Even when retirees use certified doctors, they are routinely required to provide multiple proofs of payment for medical bills — well beyond what is normally required of Tricare beneficiaries elsewhere, Houtsma said.
“We are the only beneficiaries that are required to provide not only receipts to show we paid for the care but also that we had enough money to pay for the care by showing we withdrew the money from a bank, or proof we borrowed the money,” he said.
The doctor certification requirement has also caused Tricare to reject claims made by retirees for emergency care in the Philippines — an unstated practice that appears to conflict with the agency’s global policy on emergency medical treatment, according to Houtsma.
“We have addressed the issue of emergency care in the Philippines [with Tricare], pointing out that normal restrictions on providers are waived in the rest of the world, including the U.S. and overseas, and should apply here as well,” Houtsma said. “The best we have gotten from them is they will take our recommendation under advisement, but that was some time ago and probably intended to put us off with the hope we would forget it.”
Walter Graue, who retired from the Air Force after 21 years of service, said he never saw the Filipino emergency room doctor working to save his life at Our Lady of Mount Carmel Medical Center near his home in the Angeles City.

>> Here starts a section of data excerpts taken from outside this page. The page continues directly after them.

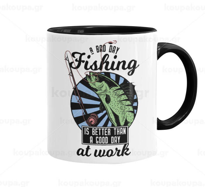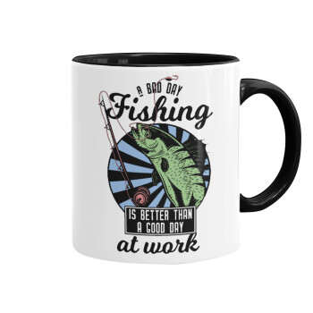 A bad day FISHING is better than a good day at work, Κούπα χρωματιστή μαύρη, κεραμική, 330ml
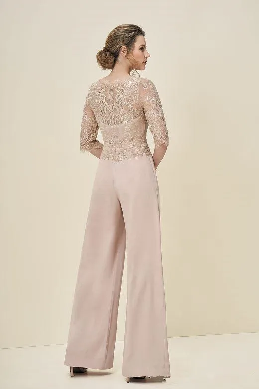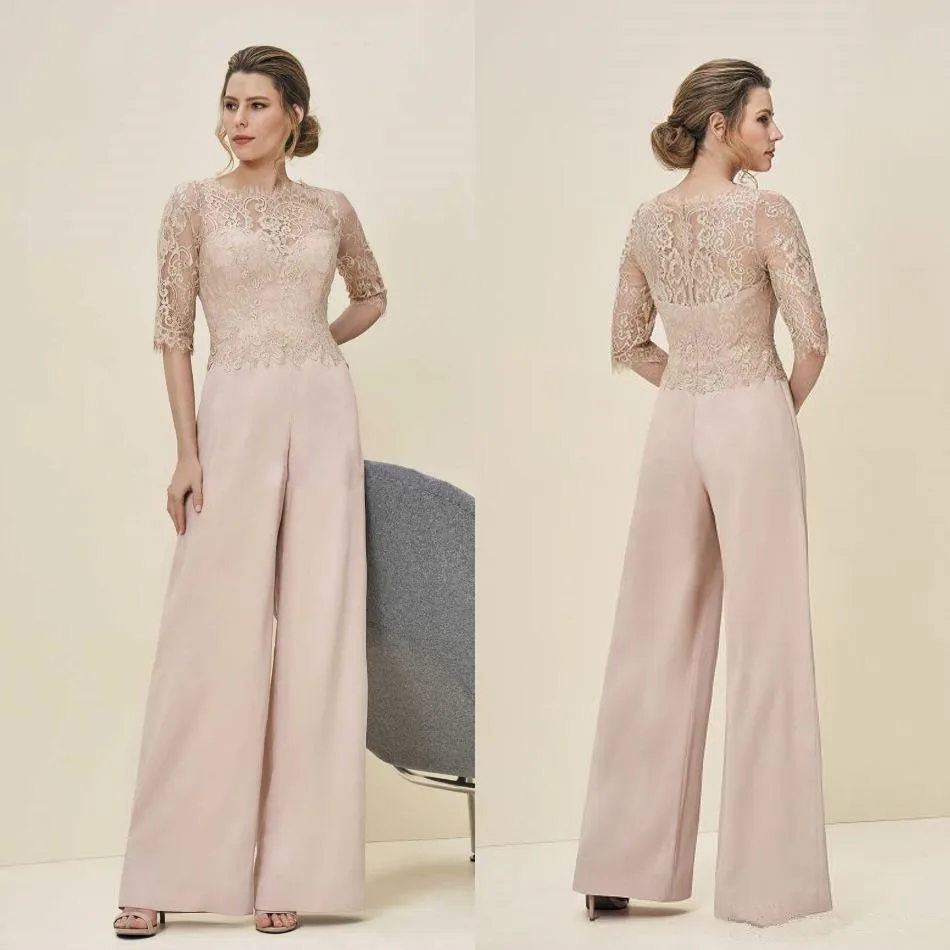 Кружевные платья для матери невесты с коротким рукавом, костюм с круглым вырезом и брюками на молнии сзади, вечерние платья, длинный комбинезон, женская одежда для банкета
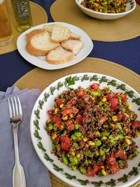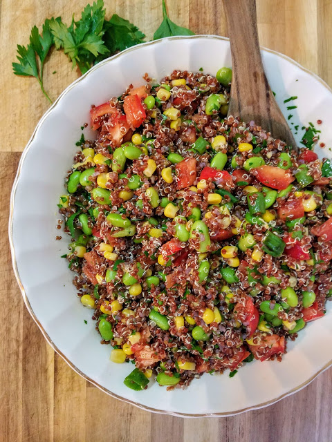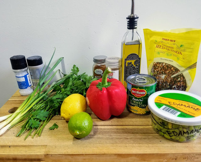 Bring 2 cups of water and 1 cup quinoa to a boil, reduce heat to simmer and cover, cooking until all the water is absorbed or about 15 minutes. Once finished, set aside and let cool completely. Meanwhile, dice red pepper, chop parsley, and slice scallions. If using frozen corn and shelled edamame, boil briefly (1-2 minutes) and drain completely. In a small bowl, whisk together the olive oil, citrus juice, cayenne, chili powder, and fresh cracked pepper and salt. Once the quinoa is cool, mix in a large bowl with corn, edamame, red pepper, parsley, and scallion. Drizzle the dressing over the salad and mix thoroughly. Cover and refrigerate for at least 2 hours.
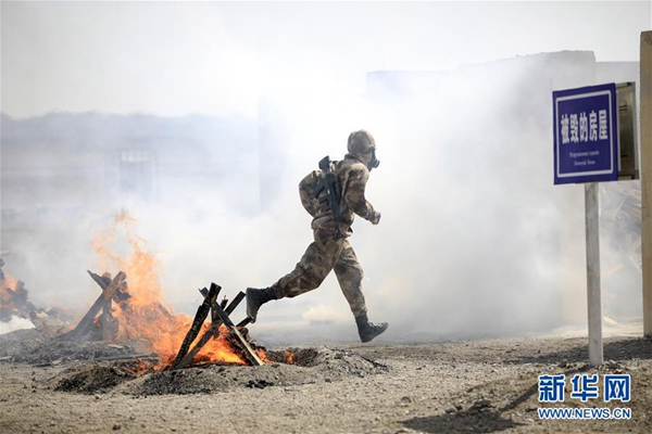在“國(guó)際軍事比賽-2019”“安全環(huán)境”項(xiàng)目單組賽中,中國(guó)參賽隊(duì)員通過(guò)火障(8月8日攝)。新華社發(fā)(王鵬飛 攝)

Graue, 73, was rushed to the hospital in an ambulance with a blocked artery in December 2009 and was unconscious when he was wheeled into the ER.
It was only later, following his recovery, that he discovered Tricare refused to reimburse the emergency room doctor’s fee. Medical documents provided by Graue show the agency’s Wisconsin-based contractor, which reviews all beneficiary claims, rejected the claim a year after the hospital visit because the doctor had not been certified.
“It was an emergency — I was near death,” Graue said.
When questioned about the denial of emergency claims in the Philippines, Tricare said emergency care “never requires preauthorization” and “waivers for emergency care rendered by non-approved providers or facilities” will be considered after the fact.
Meanwhile, the many difficulties with Tricare have left retirees disillusioned and uncertain about future fixes.
Bruce Wright said the health coverage he was supposed to get with his Navy retirement has not materialized. In 2010, before his gallbladder condition, he broke a collarbone and fought with Tricare over $1,000 in medical expenses, which he said has never been reimbursed.
“You’re frustrated, disgusted,” Wright said. “Now, not only do I have to pay for [medical care], I can’t get back my fair share.”